130.000 Soldaten und 1.600 Panzer für 11 Millionen Griechen

Allerdings bringt die weitere Kürzung der Renten auch Probleme mit sich: "Man darf nicht vergessen, dass es keine Sozialhilfe gibt", erklärt Kritikos. Griechenland ist der einzige EU-Mitgliedsstaat, der kein soziales Netz hat für jene, die nach einem Jahr aus der Arbeitslosenversicherung fallen. "Es wird Zeit, dass in Griechenland eine soziale Mindestabsicherung eingeführt wird. Das würde auch die Akzeptanz für weitere Reformschritte erheblich erhöhen", meint der Wirtschaftswissenschaftler.

Dabei könnte in einem ganz anderen Bereich sinnvoll gespart werden: Keine andere Armee ist so groß wie die der Hellenen. 130.000 Soldaten und insgesamt 1.600 Panzer kommen auf 11 Millionen Einwohner.
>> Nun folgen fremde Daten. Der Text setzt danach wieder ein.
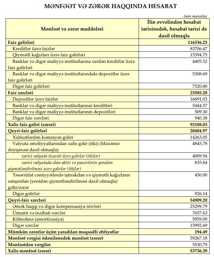 Müqayisə üçün qeyd edək ki, ötən ilin 9 ayında "Xalq Bank"ın əməliyyat mənfəəti 34 milyon 80 min manat təşkil etmiş, mənfəətdən ehtiyatlara 10 milyon 76 min manat ayrılmış və 4 milyon 79 min manat mənfəət vergisi ödənilmişdi.
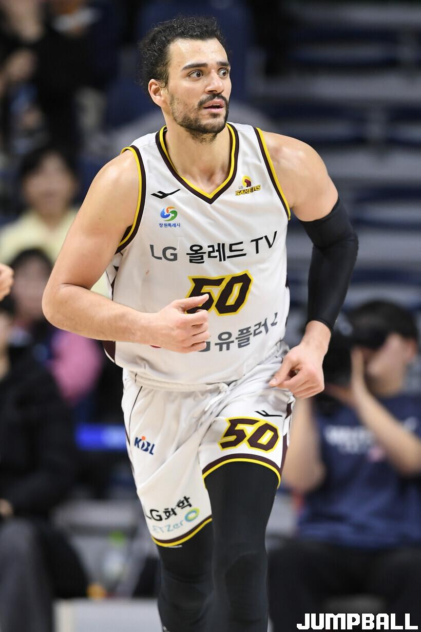 아셈 마레이는 8일 부산사직체육관에서 열린 2024~2025 KCC 프로농구 부산 KCC와 원정 경기에서 17점 14리바운드 8어시스트 3스틸을 기록하며 창원 LG가 83-78로 승리하는데 앞장섰다.

Zwar wurden mit den Sparauflagen der Institutionen die Neuausgaben im Militär begrenzt, doch laut Nato-Angaben liegen Griechenlands Rüstungsausgaben seit Jahrzehnten deutlich höher als bei anderen Mitgliedsstaaten. 3,1 Prozent der Jahreswirtschaftsleistung wendete das Land dafür auf. Bis 2009 belegte Griechenland den fünften Platz der größten Rüstungsimporteure der Welt. "Die anteiligen Rüstungsausgaben im Staatshaushalt sind sehr hoch", meint Wirtschaftsexperte Kritikos: "Das muss sich ändern."
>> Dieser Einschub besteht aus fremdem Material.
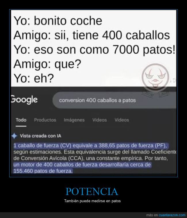 Abajo: 400 caballos son 155.460 patos.

Auch bei der Steuer gibt es immer noch Nachholbedarf. Zwar hat die griechische Regierung angekündigt, künftig auch Superreiche und Reeder stärker beziehungsweise überhaupt zu besteuern. Kritikos fordert außerdem eine bessere Prüfung der Selbstständigen, die die Pflichtabgaben immer wieder umgehen. Viel erreichen könnte die Regierung womöglich sogar mit einer Steuererleichterung, meint der Experte. "Die Frage ist, ob man nicht sogar mehr erreichen könnte, wenn man die Steuer erniedrigt, dafür aber mehr Menschen einzahlen, indem man die Bemessungsgrundlage verbreitert und das Eintreiben der Steuern verbessert." Denn unter den gegebenen Umständen sei es für Unternehmen wenig attraktiv, zu expandieren. Unternehmensgründungen gebe es kaum. Zudem fließt kaum Geld in Forschung und für Innovationen - nur 0,6 Prozent der öffentlichen Ausgaben fließen in diesen Bereich.
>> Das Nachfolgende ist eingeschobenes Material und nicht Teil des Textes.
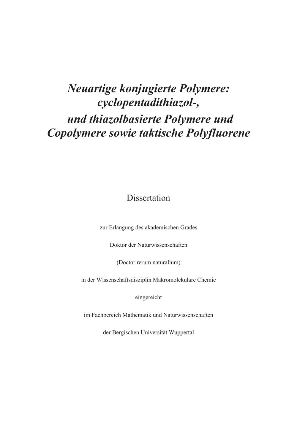 Neuartige konjugierte Polymere : cyclopentadithiazol-, und thiazolbasierte Polymere und Copolymere sowie taktische Polyfluorene / [von Christof J. Kudla]
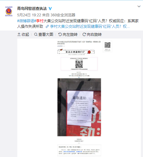 據半島都市報官微5月24日報道,針對“發現一名健康通行碼紅碼人員”一事,經落實,系其家人操作失誤所致,該名人員實際持有綠碼,無健康問題。此外,5月24日,山東省青島市公安局網絡警察支隊官方微博也對此傳言進行了辟謠。
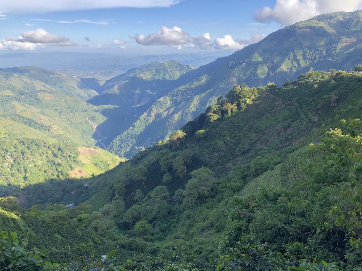 Sembrados de café se mezclan con árboles nativos en el sur del departamento de Tolima, en el paisaje del Cañón de las Hermosas. Foto por: Héctor Latorre/UNVMC

Auch deshalb lehnt Kritikos pauschale Sparmaßnahmen ab. "Das Wichtigste, was Griechenland tun muss, ist nicht, weitere Einsparungsmöglichkeiten zu suchen, sondern Reformen umzusetzen, die die Privatwirtschaft fördern." Solange sich das nicht ändere, fürchtet der Wirtschaftsprofessor, "wird man das Land in die nächste Rezession 'hineinsparen'."